The document shows that FTX had only about $900 million worth of easily tradable assets against a staggering $9 billion worth of liabilities a day before the firm filed for bankruptcy. FTX’s new CEO John Ray, who recently took the helm from founder Sam Bankman-Fried after his resignation, says the firm still has valuable assets that would allow the company to “maximize recovery for stakeholders.”
A large portion of the company’s liquid assets were Bankman-Fried’s shares of trading giant Robinhood. According to the report, the former executive has about $470 million worth of Robinhood shares, which he purchased last year.

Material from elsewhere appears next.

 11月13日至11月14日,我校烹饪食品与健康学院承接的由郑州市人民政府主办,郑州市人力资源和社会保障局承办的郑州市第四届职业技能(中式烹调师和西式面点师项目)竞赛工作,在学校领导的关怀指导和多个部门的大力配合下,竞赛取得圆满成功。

The report also finds that FTX has listed about $9.6 billion in overall assets, though it’s unclear exactly which investments can be liquidated to cover the company’s liabilities. The document shows that $5.5 billion of FTX’s listed assets are made up of “less liquid” cryptocurrencies such as the native token of decentralized derivatives exchange Serum (SRM). According to the materials seen by the Financial Times, FTX holds $2.2 billion worth of SRM, a crypto asset that has a market cap of just $72 million.

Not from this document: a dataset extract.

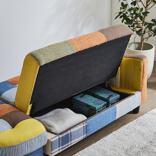 【ウェブ限定】カウチソファ サリー パッチワーク色 DXSO-05KDXPW 座面下には大容量の収納庫付のコンパクトカウチソファーパッチワーク色
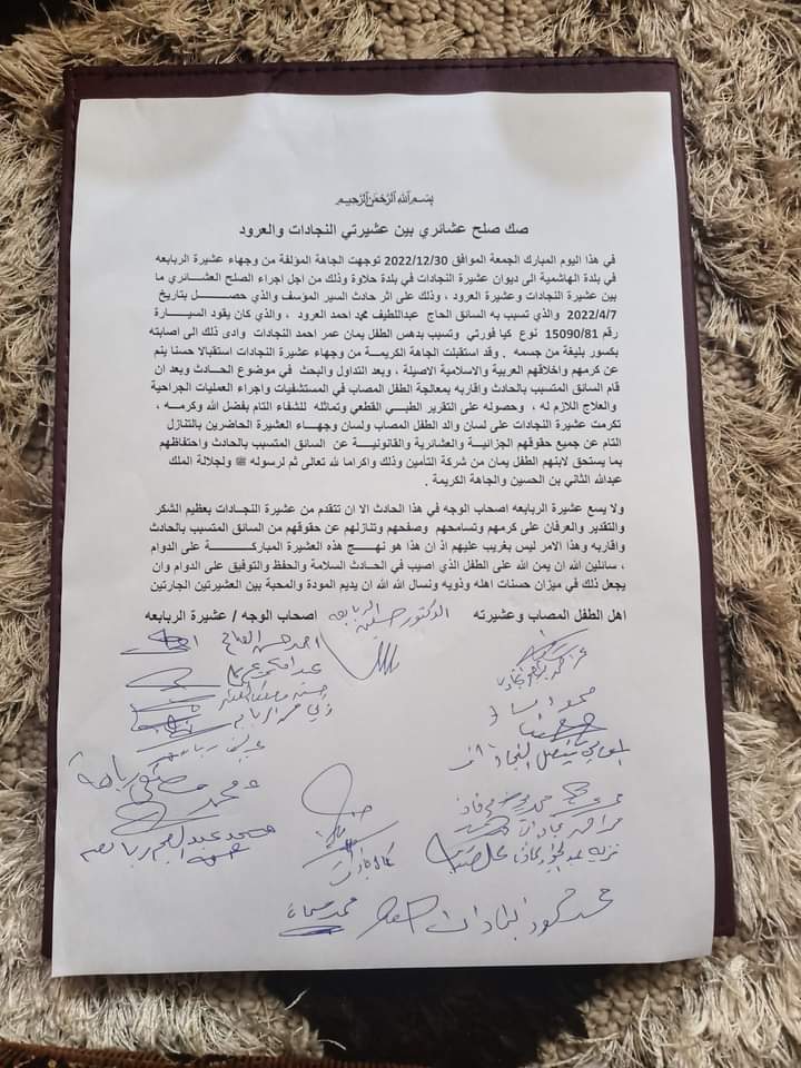 عشيرة الربابعه تجري صلحا عشائريا  بين عشيرتي النجادات والعرود على إثر حادث السير المؤسف الذي تعرض له الطفل يمان عمر احمد نجادات وتسبب به السائق الحاج عبداللطيف محمد احمد العرود وقد تماثل الطفل يمان  للشفاء التام وحصل على التقرير الطبي القطعي   .

The document also reveals that FTX controls $3.2 billion worth of private equity investments considered as illiquid.
Other assets include a $7 million holding titled “TRUMPLOSE,” an ERC-20 token that’s supposed to be redeemable on FTX based on the results of the previous US presidential elections. The crypto exchange also did not list king crypto Bitcoin as an asset despite having $1.4 billion worth of BTC liabilities.
The balance sheet further shows a negative $8 billion entry, which the document describes as “hidden, poorly internally labeled ‘fiat@’ account.”
Bankman-Fried tells the Financial Times that the negative $8 billion entry were related to the funds “accidentally” sent to Alameda Research, FTX’s quantitative trading branch. Last week, a report claimed that Bankman-Fried mishandled FTX customer funds by loaning them over to Alameda.
As stated by Bankman-Fried in the uncovered balance sheet,
“There were many things I wish I could do differently than I did, but the largest are represented by these two things: the poorly labeled internal bank-related [account], and the size of customer withdrawals during a run on the bank.”